The influence of genetic variants on natural variations in human longevity is a very complex matter. The evidence to date supports a model in which thousands of genes have individually tiny, conditional effects. Near all associations identified in any given study population have failed to appear in any of the other study populations, and effect sizes for the very few longevity-associated genes that do appear in multiple studies are not large in the grand scheme of things. These variants provide a small increase in the odds of living to be very old, but the individuals bearing them are still diminished and damaged by aging. The genetics that determine how cellular metabolism gives rise to variations in aging are of great scientific interest, but there is nothing here that can act as the foundation for therapies that will help people to live significantly longer.
The extent of the role of genetic variation in human lifespan has been widely debated, with estimates of broad sense heritability ranging from around 25% based on twin studies to around 16.1% based on large-scale population data. One very recent study suggests it is much lower still (less than 7%), pointing to assortative mating as the source of resemblance amongst kin. Despite this modest heritability, extensive research has gone into genome-wide association studies (GWAS) finding genetic variants influencing human survival. Only two robustly replicated, genome-wide significant associations (near APOE and FOXO3) have been made to date, however.
An alternative approach is to study lifespan as a quantitative trait in the general population and use survival models to allow long-lived survivors to inform analysis. However, given the incidence of mortality in middle-aged subjects is low, studies have shifted to the use of parental lifespans with subject genotypes, circumventing the long wait associated with studying age at death in a prospective study. In addition, the recent increase in genotyped population cohorts around the world, and in particular the creation of UK Biobank, has raised GWAS sample sizes to hundreds of thousands of individuals, providing the statistical power necessary to detect genetic effects on mortality. A third approach is to gather previously published GWAS on risk factors thought to possibly affect lifespan, such as smoking behaviour and cardiovascular disease (CVD), and estimate their actual independent, causal effects on mortality.
Here, we blend these three approaches to studying lifespan and perform the largest GWAS on human lifespan to date.
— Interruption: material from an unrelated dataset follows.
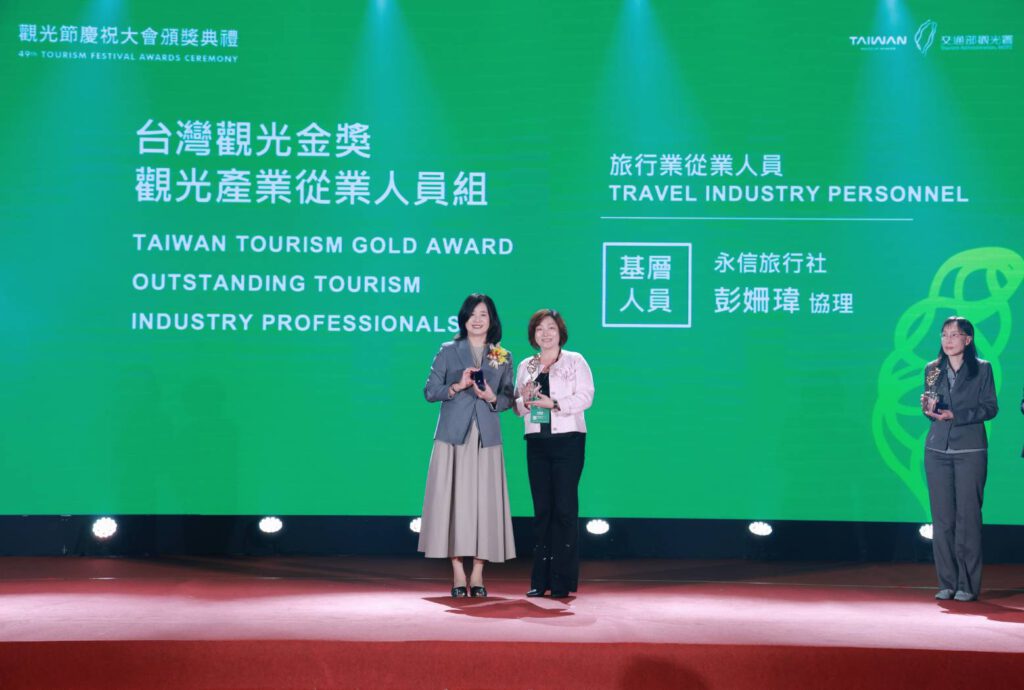 永信旅行社協理彭姍瑋獲頒旅行業從業人員「基層人員組」榮耀。彭姍瑋在觀光產業致力奮鬥,期望打造「品質、品牌、品味」兼具的品牌優勢,此次憑藉深厚的實務專業與服務熱忱獲得肯定,在顧客應對與團隊整合上展現高度專業與前瞻視野,帶領團隊穩健前行,也為公司注入源源不絕的成長動能與活力。這不僅是個人職涯的巔峰榮耀,更展現了銘傳觀光校友在業界深耕、具備領航者地位的硬實力。

First, we leverage data from UK Biobank and 26 independent European-heritage population cohorts to carry out a GWAS of parental survival. We then supplement this with data from 58 GWAS on mortality risk factors. Finally, we use publicly available case-control longevity GWAS statistics to compare the genetics of lifespan and longevity and provide collective replication of our lifespan GWAS results.
We identified 11 novel genome-wide significant associations with lifespan and replicated six previously discovered loci. We also replicated long-standing longevity SNPs near APOE, FOXO3, and 5q33.3/EBF1 - albeit with smaller effect sizes in the latter two cases - but found evidence of no association (at effect sizes originally published) with lifespan for more recently published longevity SNPs near IL6, ANKRD20A9P, USP42, and TMTC2. Despite studying over 1 million lives, our standard GWAS only identified 12 variants influencing lifespan at genome-wide significance. This contrasts with height (another highly polygenic trait) where a study of around 250,000 individuals found 423 loci.
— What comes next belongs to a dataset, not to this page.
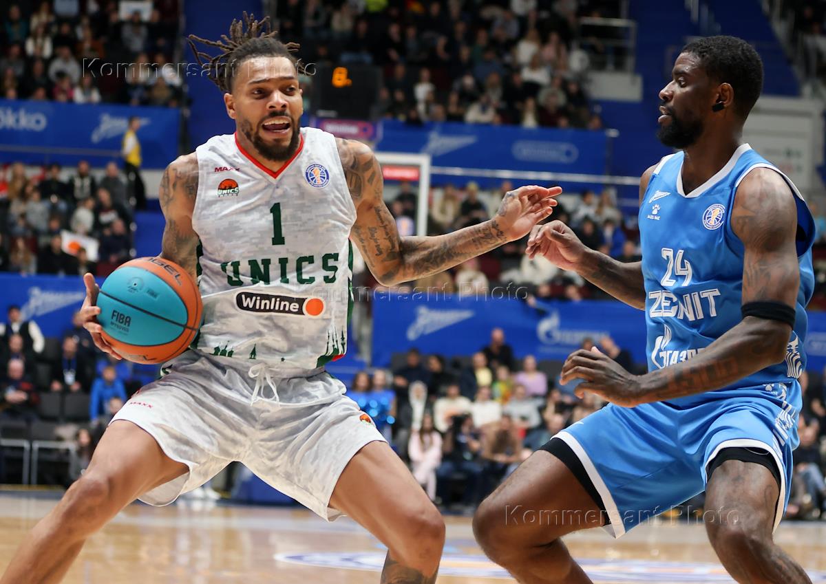 Единая лига ВТБ по баскетболу. Матч между командами "Зенит" (Санкт-Петербург) - УНИКС (Казань) на стадионе "Арена". Игрок команды УНИКС Джален Рейнольдс (в центре) во время матча.

This difference can partly be explained by the much lower heritability of lifespan (0.12 versus 0.8 for height), consistent with evolution having a stronger influence on the total heritability of traits more closely related to fitness and limiting effect sizes. In addition, the use of indirect genotypes reduces the effective sample size to 1/4 for the parent-offspring design. When considering these limitations, we calculate our study was equal in power to a height study of only around 23,224 individuals, were lifespan to have a similar genetic architecture to height. Under this assumption, we would require a sample size of around 10 million parents (or equivalently 445,000 nonagenarian cases, with even more controls) to detect a similar number of loci.
Individual genetic variants that increase dementia, cardiovascular disease, and lung cancer - but not other cancers - explain the most variance in lifespan. We hoped to narrow down the search and discover specific genes that directly influence how quickly people age, beyond diseases. If such genes exist, their effects were too small to be detected in this study. The next step will be to expand the study to include more participants, which will hopefully pinpoint further genomic regions and help disentangle the biology of ageing and disease.